--- TASK DATA ---

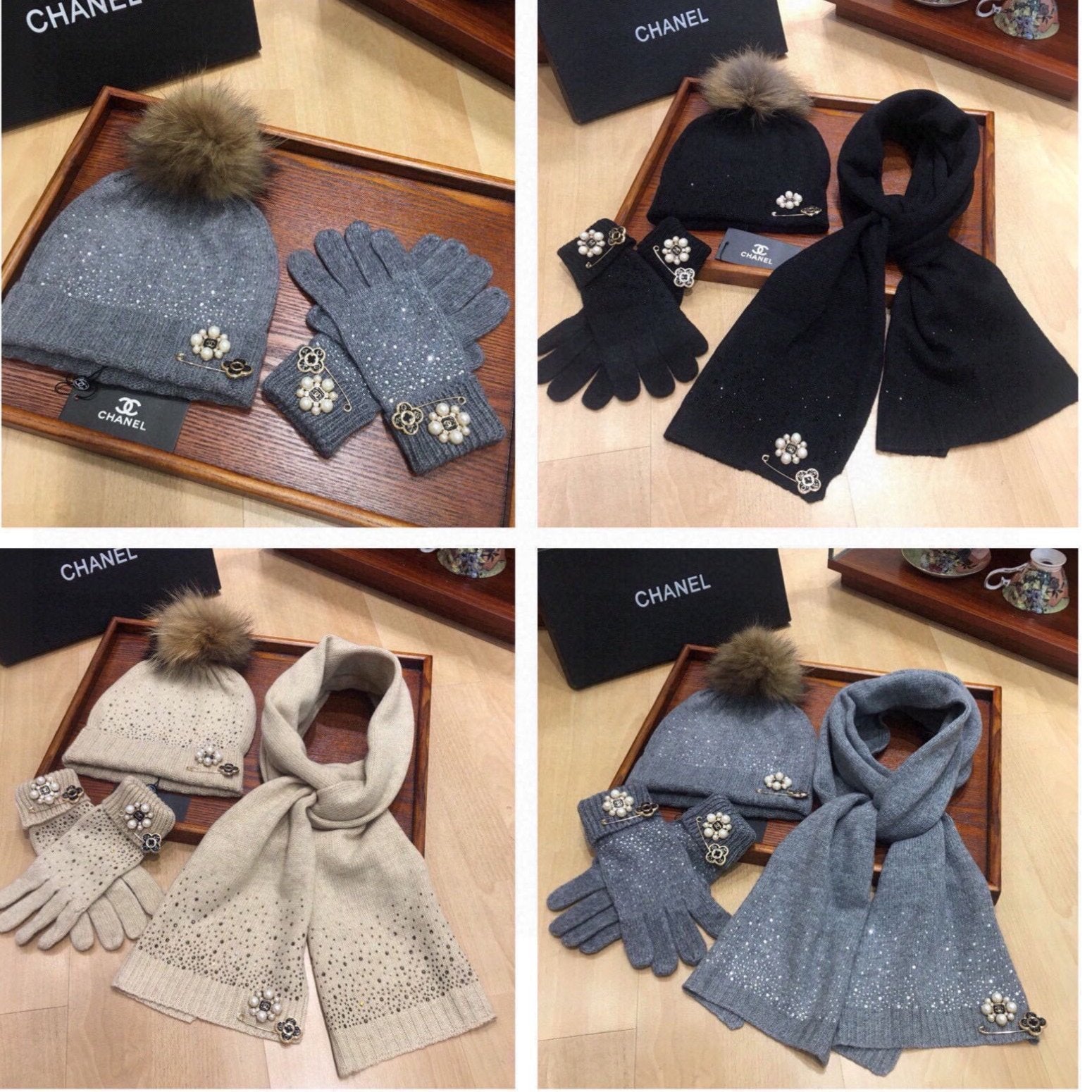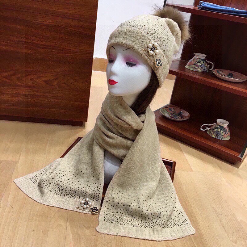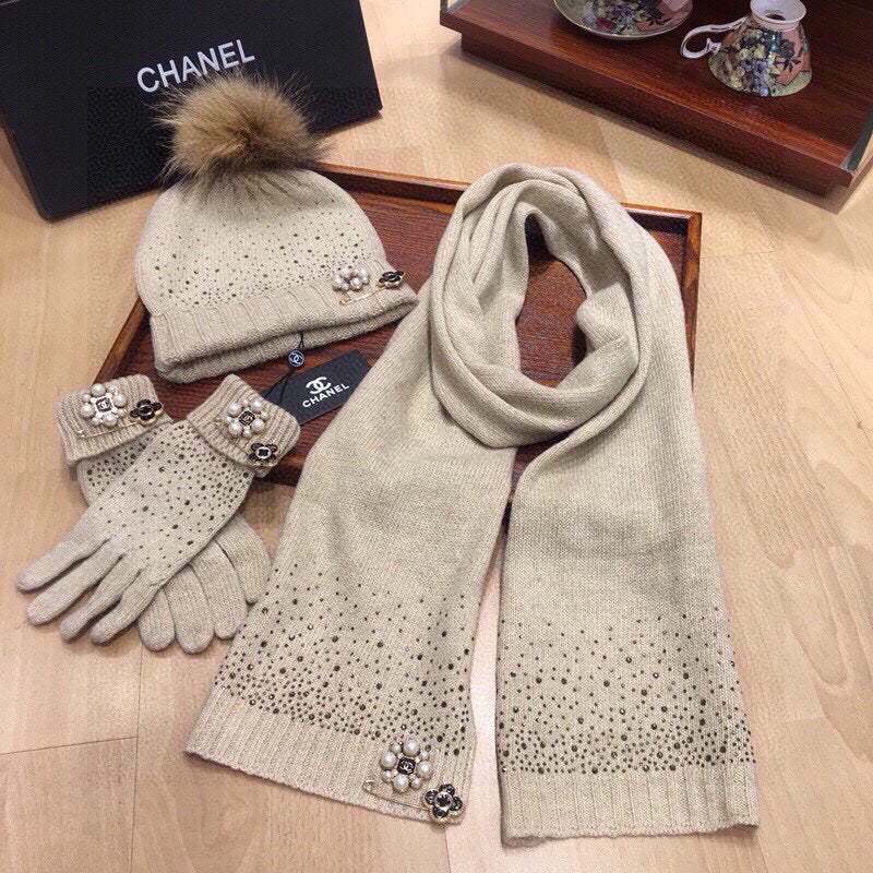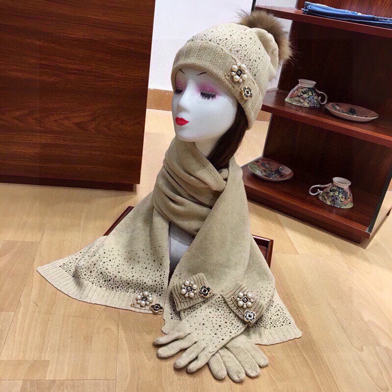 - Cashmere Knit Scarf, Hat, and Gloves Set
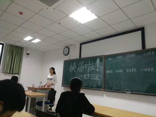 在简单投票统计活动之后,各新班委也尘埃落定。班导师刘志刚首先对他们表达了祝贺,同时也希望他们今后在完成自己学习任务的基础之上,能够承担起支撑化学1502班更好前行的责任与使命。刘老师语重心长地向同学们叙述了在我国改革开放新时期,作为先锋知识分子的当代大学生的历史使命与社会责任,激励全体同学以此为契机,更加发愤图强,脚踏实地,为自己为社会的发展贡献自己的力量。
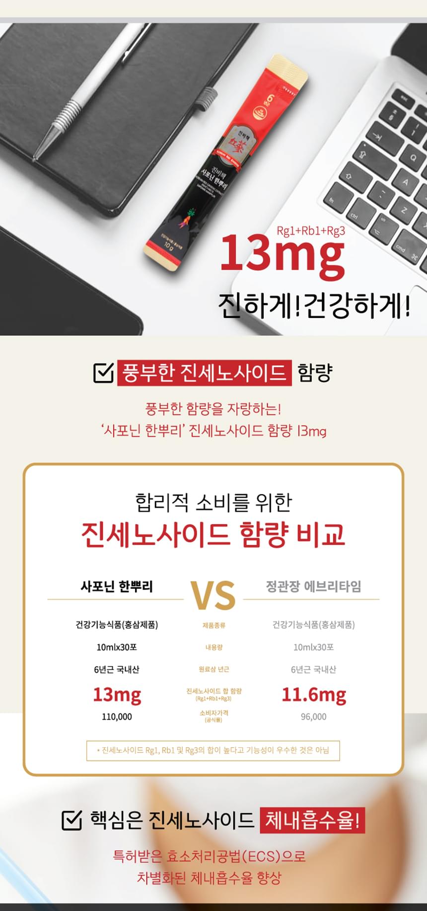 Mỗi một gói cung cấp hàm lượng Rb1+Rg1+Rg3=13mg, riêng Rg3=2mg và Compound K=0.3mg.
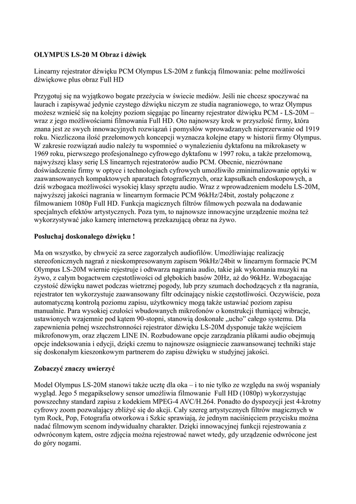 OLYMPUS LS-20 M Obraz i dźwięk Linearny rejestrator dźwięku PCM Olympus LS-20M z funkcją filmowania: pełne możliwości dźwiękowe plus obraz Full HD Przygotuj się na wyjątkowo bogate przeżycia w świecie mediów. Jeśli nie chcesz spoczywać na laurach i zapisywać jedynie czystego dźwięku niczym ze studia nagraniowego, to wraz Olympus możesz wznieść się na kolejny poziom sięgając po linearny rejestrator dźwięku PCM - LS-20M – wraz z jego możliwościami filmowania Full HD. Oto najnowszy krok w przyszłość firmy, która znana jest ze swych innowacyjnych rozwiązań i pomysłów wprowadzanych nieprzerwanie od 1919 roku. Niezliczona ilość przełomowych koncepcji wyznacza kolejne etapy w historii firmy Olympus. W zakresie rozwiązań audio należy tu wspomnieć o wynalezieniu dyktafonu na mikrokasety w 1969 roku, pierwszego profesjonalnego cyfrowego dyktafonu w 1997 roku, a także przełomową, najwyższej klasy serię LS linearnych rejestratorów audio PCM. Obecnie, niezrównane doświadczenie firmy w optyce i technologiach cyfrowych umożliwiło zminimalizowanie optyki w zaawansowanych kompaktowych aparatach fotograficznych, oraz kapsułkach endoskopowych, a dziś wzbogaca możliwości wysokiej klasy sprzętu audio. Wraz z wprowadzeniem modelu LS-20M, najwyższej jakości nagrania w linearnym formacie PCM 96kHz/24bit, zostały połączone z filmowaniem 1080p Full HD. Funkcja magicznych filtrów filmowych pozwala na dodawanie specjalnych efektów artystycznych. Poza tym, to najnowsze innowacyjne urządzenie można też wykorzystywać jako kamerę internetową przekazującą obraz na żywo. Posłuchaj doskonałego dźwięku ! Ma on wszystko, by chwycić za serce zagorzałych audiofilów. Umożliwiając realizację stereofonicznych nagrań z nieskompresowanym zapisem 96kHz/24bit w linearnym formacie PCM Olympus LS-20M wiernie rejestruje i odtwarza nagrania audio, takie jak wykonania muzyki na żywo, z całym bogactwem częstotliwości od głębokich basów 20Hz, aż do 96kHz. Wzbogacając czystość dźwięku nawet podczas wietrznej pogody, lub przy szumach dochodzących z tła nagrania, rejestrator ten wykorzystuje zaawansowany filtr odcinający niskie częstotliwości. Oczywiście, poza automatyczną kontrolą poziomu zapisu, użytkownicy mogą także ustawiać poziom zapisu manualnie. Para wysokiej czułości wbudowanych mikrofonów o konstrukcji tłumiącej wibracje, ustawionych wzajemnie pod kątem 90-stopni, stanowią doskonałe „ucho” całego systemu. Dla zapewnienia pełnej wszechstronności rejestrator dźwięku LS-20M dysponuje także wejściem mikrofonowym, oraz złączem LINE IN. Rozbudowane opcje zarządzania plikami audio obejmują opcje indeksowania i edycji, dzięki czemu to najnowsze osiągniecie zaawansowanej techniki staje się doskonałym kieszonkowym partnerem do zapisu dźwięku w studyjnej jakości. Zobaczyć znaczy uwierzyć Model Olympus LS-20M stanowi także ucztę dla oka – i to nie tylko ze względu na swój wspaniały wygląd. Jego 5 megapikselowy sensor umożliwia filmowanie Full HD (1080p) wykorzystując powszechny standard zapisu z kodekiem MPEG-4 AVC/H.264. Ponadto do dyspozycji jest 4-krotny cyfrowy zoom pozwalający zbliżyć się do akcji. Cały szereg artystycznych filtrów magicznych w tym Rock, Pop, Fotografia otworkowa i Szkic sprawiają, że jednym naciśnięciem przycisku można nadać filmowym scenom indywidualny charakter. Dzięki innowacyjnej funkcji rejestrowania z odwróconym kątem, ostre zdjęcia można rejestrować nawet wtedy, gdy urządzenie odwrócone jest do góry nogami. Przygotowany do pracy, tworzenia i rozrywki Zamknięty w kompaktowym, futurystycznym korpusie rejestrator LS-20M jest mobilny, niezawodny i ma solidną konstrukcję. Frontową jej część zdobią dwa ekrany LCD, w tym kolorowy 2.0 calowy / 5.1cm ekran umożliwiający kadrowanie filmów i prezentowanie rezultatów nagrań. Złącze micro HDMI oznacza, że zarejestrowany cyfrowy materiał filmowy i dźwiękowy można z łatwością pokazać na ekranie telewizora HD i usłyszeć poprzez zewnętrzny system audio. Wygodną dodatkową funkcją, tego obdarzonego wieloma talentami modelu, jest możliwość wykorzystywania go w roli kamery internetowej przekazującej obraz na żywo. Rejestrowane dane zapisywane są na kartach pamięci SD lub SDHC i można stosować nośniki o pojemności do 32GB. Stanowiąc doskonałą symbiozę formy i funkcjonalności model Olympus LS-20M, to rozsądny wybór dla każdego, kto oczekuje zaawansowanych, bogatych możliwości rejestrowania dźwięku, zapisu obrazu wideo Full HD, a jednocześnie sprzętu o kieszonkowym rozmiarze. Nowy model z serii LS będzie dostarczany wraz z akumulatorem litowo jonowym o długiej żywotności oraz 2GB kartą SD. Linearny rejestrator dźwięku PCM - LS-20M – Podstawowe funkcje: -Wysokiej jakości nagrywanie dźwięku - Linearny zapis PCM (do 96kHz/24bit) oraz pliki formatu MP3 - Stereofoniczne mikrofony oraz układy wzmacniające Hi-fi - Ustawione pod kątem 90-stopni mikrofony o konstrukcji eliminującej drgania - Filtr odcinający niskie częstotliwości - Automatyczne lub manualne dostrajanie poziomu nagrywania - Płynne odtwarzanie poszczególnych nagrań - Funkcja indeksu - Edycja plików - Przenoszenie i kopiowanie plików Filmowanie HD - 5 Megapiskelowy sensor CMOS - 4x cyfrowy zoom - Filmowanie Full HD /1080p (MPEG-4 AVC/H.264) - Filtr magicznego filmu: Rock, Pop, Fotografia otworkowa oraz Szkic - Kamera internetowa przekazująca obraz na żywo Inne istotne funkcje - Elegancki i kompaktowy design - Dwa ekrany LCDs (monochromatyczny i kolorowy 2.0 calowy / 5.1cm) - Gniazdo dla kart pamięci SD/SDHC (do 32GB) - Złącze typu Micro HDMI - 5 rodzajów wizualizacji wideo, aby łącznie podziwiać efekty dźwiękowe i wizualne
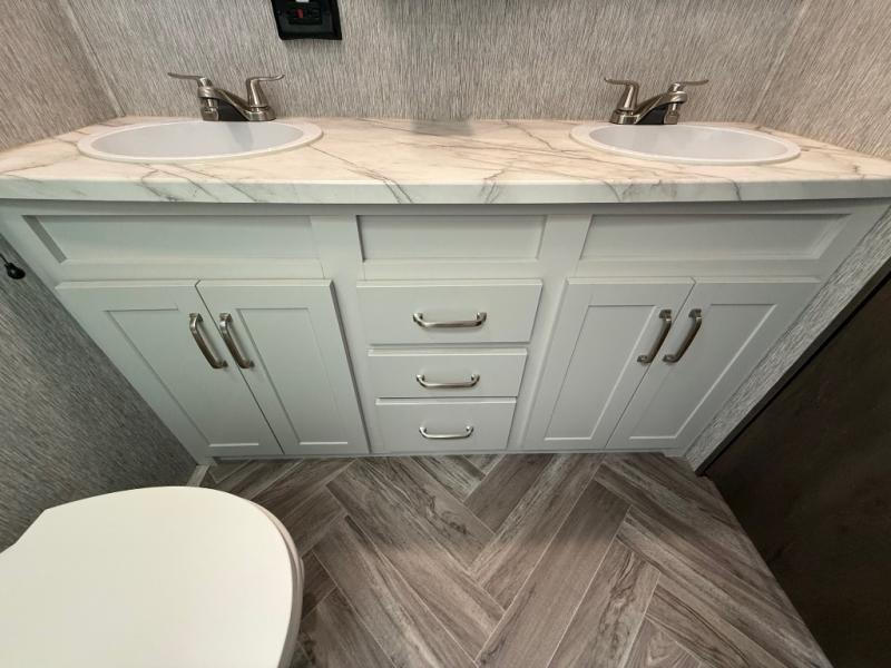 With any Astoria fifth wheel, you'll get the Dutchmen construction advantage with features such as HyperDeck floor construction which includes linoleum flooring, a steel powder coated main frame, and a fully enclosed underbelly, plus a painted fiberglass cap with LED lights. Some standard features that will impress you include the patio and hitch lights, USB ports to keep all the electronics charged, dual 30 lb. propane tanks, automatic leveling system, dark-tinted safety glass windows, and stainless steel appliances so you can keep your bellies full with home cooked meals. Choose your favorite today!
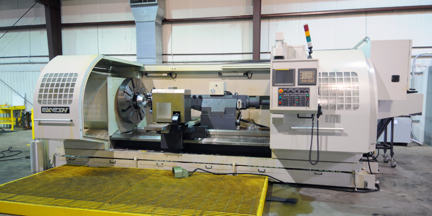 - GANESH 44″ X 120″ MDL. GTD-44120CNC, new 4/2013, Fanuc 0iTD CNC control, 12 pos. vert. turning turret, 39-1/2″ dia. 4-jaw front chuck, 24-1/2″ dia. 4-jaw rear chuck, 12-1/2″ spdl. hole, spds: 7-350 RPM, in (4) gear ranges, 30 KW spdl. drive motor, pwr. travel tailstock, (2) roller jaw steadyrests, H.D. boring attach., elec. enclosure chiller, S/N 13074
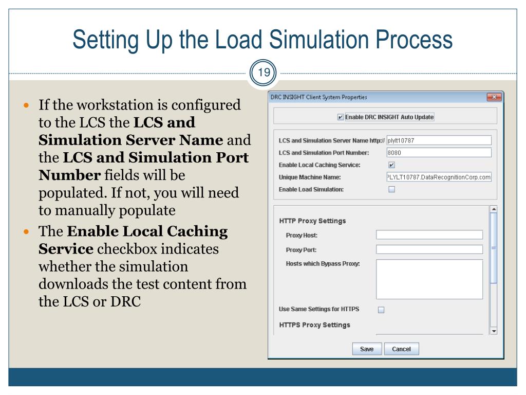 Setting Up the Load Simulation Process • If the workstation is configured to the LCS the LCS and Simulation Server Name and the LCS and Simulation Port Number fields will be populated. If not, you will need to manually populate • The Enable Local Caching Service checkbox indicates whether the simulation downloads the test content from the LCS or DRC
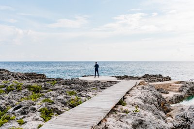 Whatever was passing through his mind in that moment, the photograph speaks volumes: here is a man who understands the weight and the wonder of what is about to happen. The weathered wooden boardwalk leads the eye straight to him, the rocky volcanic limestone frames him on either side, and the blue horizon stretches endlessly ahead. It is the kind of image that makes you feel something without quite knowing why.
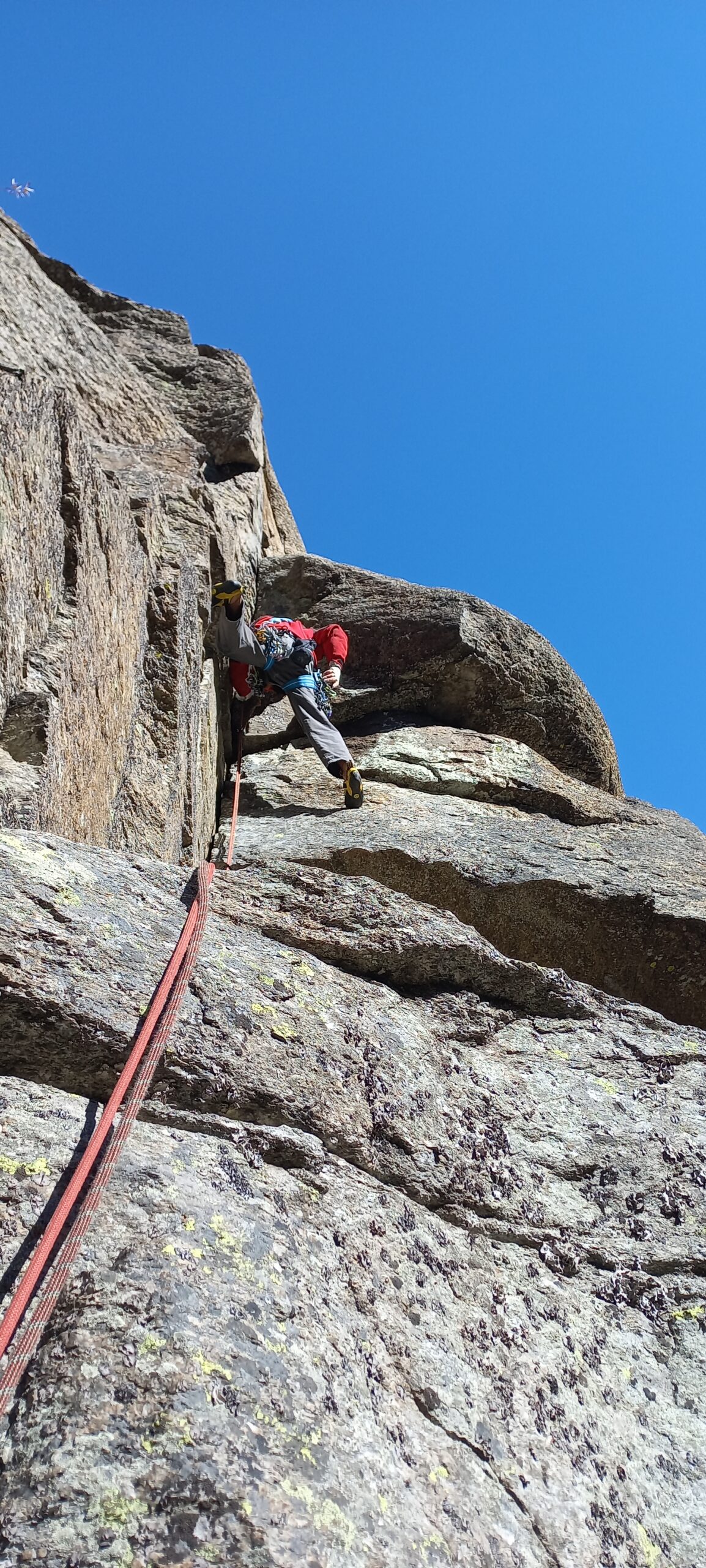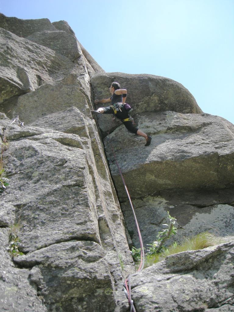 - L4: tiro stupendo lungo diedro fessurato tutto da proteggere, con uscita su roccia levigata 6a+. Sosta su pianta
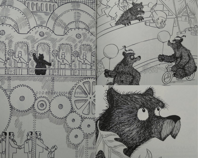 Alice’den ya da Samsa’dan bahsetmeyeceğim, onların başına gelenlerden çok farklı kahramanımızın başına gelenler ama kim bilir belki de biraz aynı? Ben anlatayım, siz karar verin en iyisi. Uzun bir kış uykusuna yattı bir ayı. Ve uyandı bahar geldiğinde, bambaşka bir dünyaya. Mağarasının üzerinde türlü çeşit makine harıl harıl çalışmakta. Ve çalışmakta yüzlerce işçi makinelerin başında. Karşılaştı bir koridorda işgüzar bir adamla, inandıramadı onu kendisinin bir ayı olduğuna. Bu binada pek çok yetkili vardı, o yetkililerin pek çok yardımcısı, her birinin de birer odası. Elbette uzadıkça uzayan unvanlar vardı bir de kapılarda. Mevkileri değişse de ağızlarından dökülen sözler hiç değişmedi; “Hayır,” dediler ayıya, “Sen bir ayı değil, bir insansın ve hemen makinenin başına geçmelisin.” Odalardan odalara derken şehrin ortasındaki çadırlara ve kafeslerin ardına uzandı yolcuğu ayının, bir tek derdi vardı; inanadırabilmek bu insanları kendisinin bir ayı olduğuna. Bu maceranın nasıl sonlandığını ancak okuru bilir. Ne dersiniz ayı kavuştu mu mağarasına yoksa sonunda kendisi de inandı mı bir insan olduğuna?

---

Exactly as written, repeat the lines from the beginning of the entries up to and including the line with "在简单投票统计活动之后,各新", but not the pictures.

 - Cashmere Knit Scarf, Hat, and Gloves Set
 在简单投票统计活动之后,各新班委也尘埃落定。班导师刘志刚首先对他们表达了祝贺,同时也希望他们今后在完成自己学习任务的基础之上,能够承担起支撑化学1502班更好前行的责任与使命。刘老师语重心长地向同学们叙述了在我国改革开放新时期,作为先锋知识分子的当代大学生的历史使命与社会责任,激励全体同学以此为契机,更加发愤图强,脚踏实地,为自己为社会的发展贡献自己的力量。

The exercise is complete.